On Thu, 2021-08-12 at 16:32 +0200, Thomas Gleixner wrote:
>
> Can you please test whether the below fixes it for you?

Yes, that boots.

> I have yet to find a machine which reproduces it as I really want to
> understand which particular part is causing this.

Config attached just in case.

> Thanks,
>
>         tglx
> ---
> --- a/kernel/time/hrtimer.c
> +++ b/kernel/time/hrtimer.c
> @@ -652,24 +652,10 @@ static inline int hrtimer_hres_active(vo
>         return __hrtimer_hres_active(this_cpu_ptr(&hrtimer_bases));
>  }
>  
> -static void
> -__hrtimer_reprogram(struct hrtimer_cpu_base *cpu_base, int skip_equal,
> -                   struct hrtimer *next_timer, ktime_t expires_next)
> +static void __hrtimer_reprogram(struct hrtimer_cpu_base *cpu_base,
> +                               struct hrtimer *next_timer,
> +                               ktime_t expires_next)
>  {
> -       /*
> -        * If the hrtimer interrupt is running, then it will reevaluate
> the
> -        * clock bases and reprogram the clock event device.
> -        */
> -       if (cpu_base->in_hrtirq)
> -               return;
> -
> -       if (expires_next > cpu_base->expires_next)
> -               return;
> -
> -       if (skip_equal && expires_next == cpu_base->expires_next)
> -               return;
> -
> -       cpu_base->next_timer = next_timer;
>         cpu_base->expires_next = expires_next;
>  
>         /*
> @@ -707,8 +693,10 @@ hrtimer_force_reprogram(struct hrtimer_c
>  
>         expires_next = hrtimer_update_next_event(cpu_base);
>  
> -       __hrtimer_reprogram(cpu_base, skip_equal, cpu_base->next_timer,
> -                           expires_next);
> +       if (skip_equal && expires_next == cpu_base->expires_next)
> +               return;
> +
> +       __hrtimer_reprogram(cpu_base, cpu_base->next_timer,
> expires_next);
>  }
>  
>  /* High resolution timer related functions */
> @@ -863,7 +851,19 @@ static void hrtimer_reprogram(struct hrt
>         if (base->cpu_base != cpu_base)
>                 return;
>  
> -       __hrtimer_reprogram(cpu_base, true, timer, expires);
> +       if (expires >= cpu_base->expires_next)
> +               return;
> +
> +       /*
> +        * If the hrtimer interrupt is running, then it will reevaluate
> the
> +        * clock bases and reprogram the clock event device.
> +        */
> +       if (cpu_base->in_hrtirq)
> +               return;
> +
> +       cpu_base->next_timer = timer;
> +
> +       __hrtimer_reprogram(cpu_base, timer, expires);
>  }
>  
>  static bool update_needs_ipi(struct hrtimer_cpu_base *cpu_base,


Attachments:
config.gz (38.44 kB)

2021-08-12 18:02:41

by Thomas Gleixner

[permalink] [raw]
Subject: Re: [tip: timers/core] hrtimer: Consolidate reprogramming code

On Thu, Aug 12 2021 at 17:04, Mike Galbraith wrote:

> On Thu, 2021-08-12 at 16:32 +0200, Thomas Gleixner wrote:
>>
>> Can you please test whether the below fixes it for you?
>
> Yes, that boots.

Not that I'm surprised, but I still do not know why :)
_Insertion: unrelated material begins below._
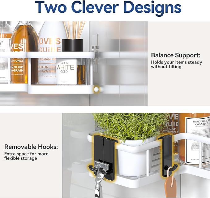 - SPACE-SAVING CORNER DESIGN:Engineered with L-shaped shower shelves that perfectly hug 90° wall corners. Our corner shower shelf provides 30% more capacity than standard models to store 19+ full-size shampoo bottles

>> I have yet to find a machine which reproduces it as I really want to
>> understand which particular part is causing this.
>
> Config attached just in case.

I rather assume it's a hardware dependency. What kind of machine are you
using?

Thanks,

tglx

2021-08-12 18:14:51

by Mike Galbraith

[permalink] [raw]
Subject: Re: [tip: timers/core] hrtimer: Consolidate reprogramming code

On Thu, 2021-08-12 at 17:04 +0200, Mike Galbraith wrote:
> On Thu, 2021-08-12 at 16:32 +0200, Thomas Gleixner wrote:
> >
> > Can you please test whether the below fixes it for you?
>
> Yes, that boots.
>
> > I have yet to find a machine which reproduces it as I really want to
> > understand which particular part is causing this.
>
> Config attached just in case.

My HP lappy bricks as well, and with tip-rt. Fix verified there too.

-Mike

2021-08-12 18:14:52

by Mike Galbraith

[permalink] [raw]
Subject: Re: [tip: timers/core] hrtimer: Consolidate reprogramming code

On Thu, 2021-08-12 at 17:22 +0200, Thomas Gleixner wrote:
> >
> > Config attached just in case.
>
> I rather assume it's a hardware dependency. What kind of machine are you
> using?

Desktop box is a garden variety MEDION i4790 box with an Nvidia GTX980.
Lappy is an HP Spectre 360 i5-6200U w. i915 graphics. Very mundane.

-Mike

2021-08-12 18:27:01

by Thomas Gleixner

[permalink] [raw]
Subject: Re: [tip: timers/core] hrtimer: Consolidate reprogramming code

On Thu, Aug 12 2021 at 17:31, Mike Galbraith wrote:
> On Thu, 2021-08-12 at 17:22 +0200, Thomas Gleixner wrote:
>> >
>> > Config attached just in case.
>>
>> I rather assume it's a hardware dependency. What kind of machine are you
>> using?
>
> Desktop box is a garden variety MEDION i4790 box with an Nvidia GTX980.
> Lappy is an HP Spectre 360 i5-6200U w. i915 graphics. Very mundane.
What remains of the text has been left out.